The Magma program "RealCoClass.m" in the Links is independent of the data file "ipad_freq_real" by M. R. Bush. It computes the first five terms, 180527768 inclusively, in precisely 14 days of CPU time on an Intel Core i7 4790 quadcore processor with clock rate 4.0 GHz.

Examples

			We have cc(M)=1 for d=32009, cc(M)=2 for d=214712, cc(M)=3 for d=710652, cc(M)=4 for d=8127208, cc(M)=5 for d=180527768. The Magma script "SiftRealIPADs.m" produces a table "IpadFreqReal" of minimal discriminants for each IPAD from the file ipad_freq_real. This table admits the determination of the term a(n) of the sequence A379524. For instance: According to the FORMULA, the table contains three candidates for a(4) with cc(M)=4 and thus cc(M)+1=5=log_3(3^5)=log_3(#[9,27])=log_3(h_3(L_2)) with the second largest 3-class number h_3(L_2) in the IPAD. They are 8321505 and 8491713 and 8127208. Thus the minimal discriminant is a(4)=8127208.
		

References

  • M. R. Bush, ipad_freq_real, file with two lists, disclist and ipadlist, containing all IPADs of real quadratic fields K with 3-class group of rank 2 and discriminant d < 10^9, Washington and Lee Univ. Lexington, Virginia, 2015.

Crossrefs

Cf.

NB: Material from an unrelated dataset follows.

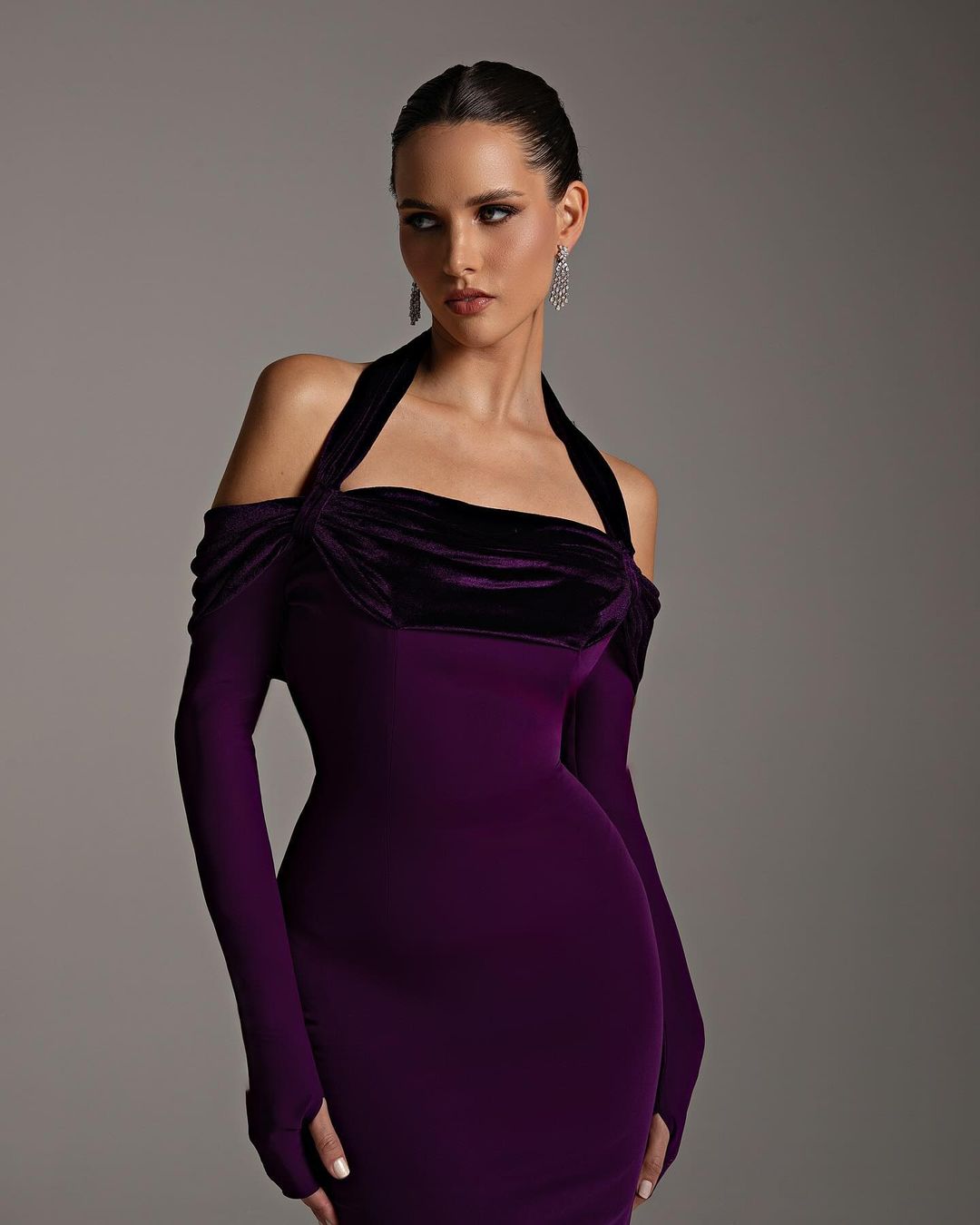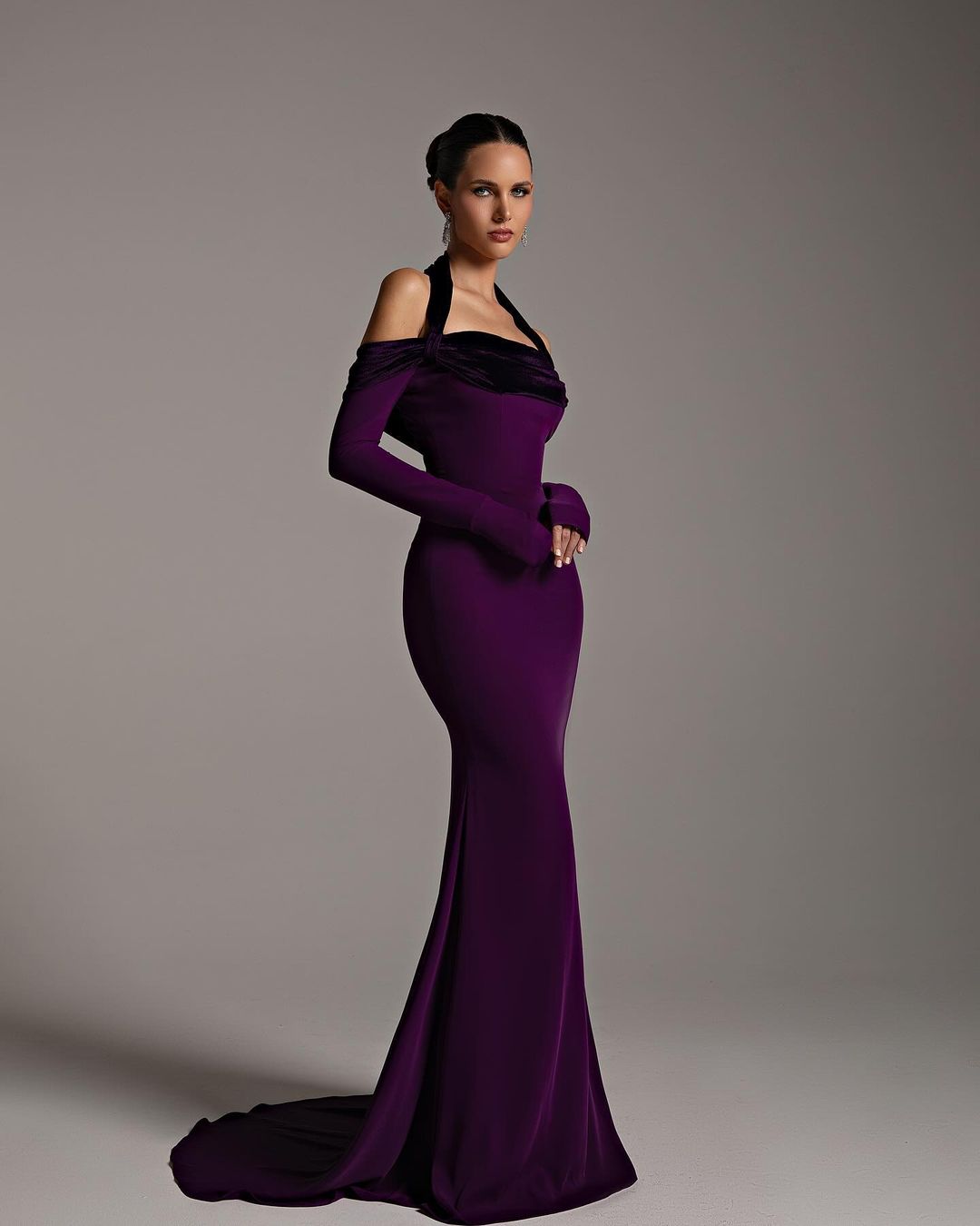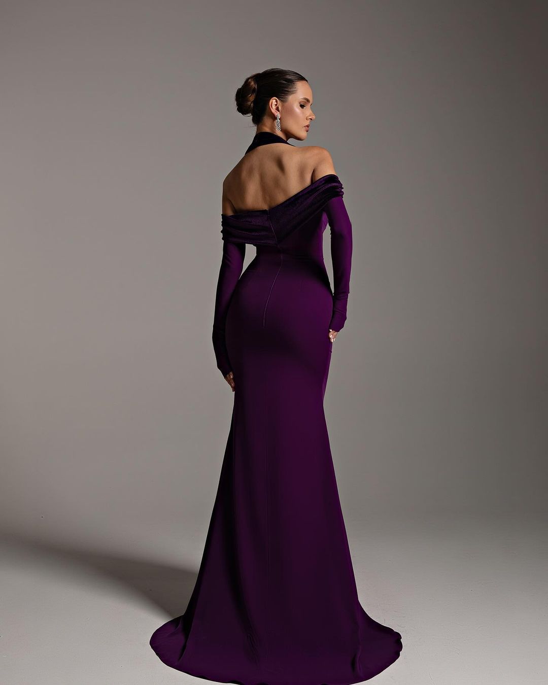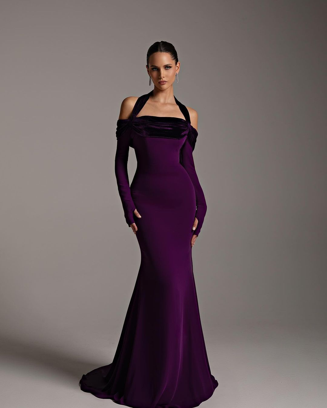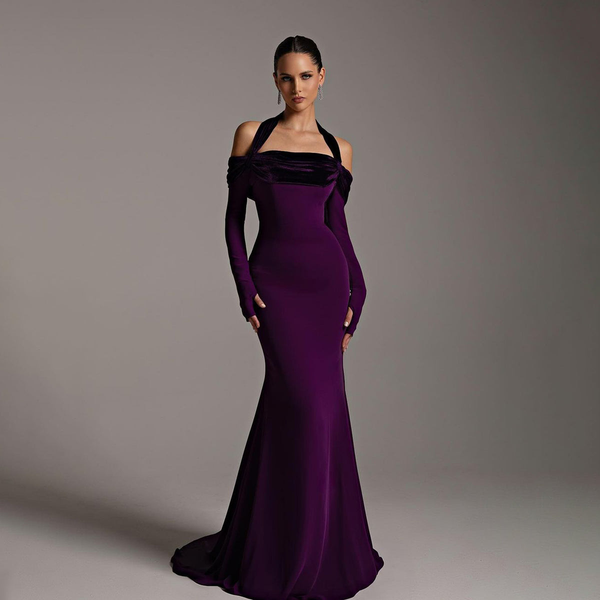 This elegant halter dress features long sleeves and a flattering mermaid silhouette. With its deep purple hue, it exudes sophistication and style. Perfect for evening events, it will make you stand out with its stunning design. Made with high-quality materials, it offers both comfort and style.
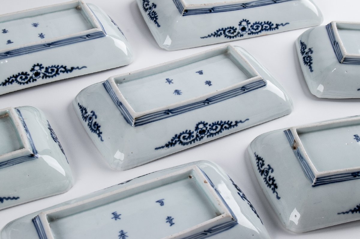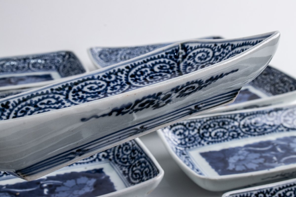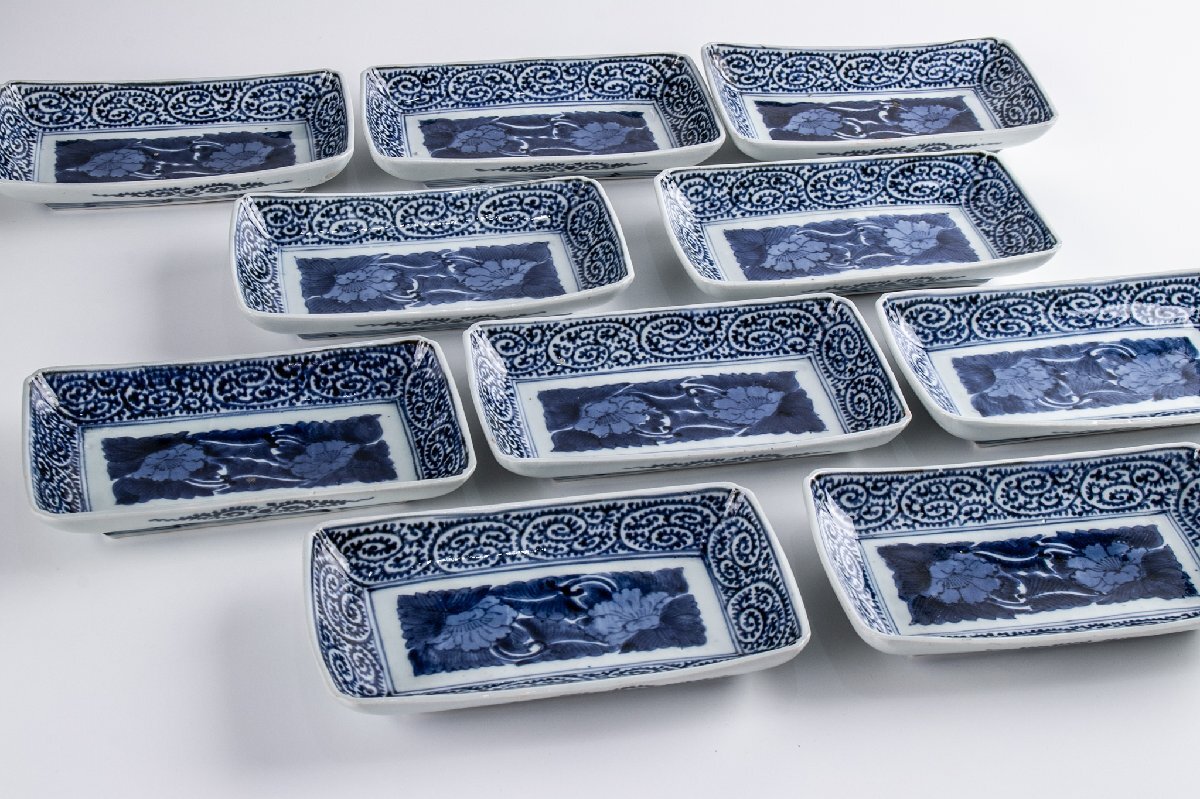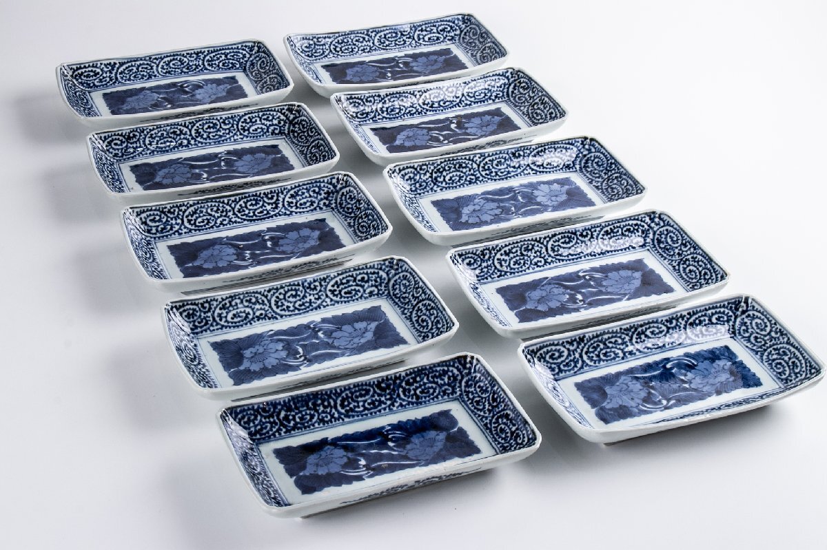 【うつわ】 古伊万里 染付牡丹蛸唐草文長皿 10客 江戸後期 E2293A バラ売り可能です 古美術 骨董 古玩 陶磁器 和食器 懐石 料亭

A269318, A269319 (supersequences).

Programs

  • Magma
    // See Links section.

Formula

According to Theorem 3.12 on page 435 of "The distribution of second p-class groups on coclass graphs", the coclass of the group M is given by cc(M)+1=log_3(h_3(L_2)), where h_3(L_2) is the second largest 3-class number among the four unramified cyclic cubic extensions L_1,..,L_4 of the quadratic field K. Thus, cc(M) is determined uniquely by the IPAD of K.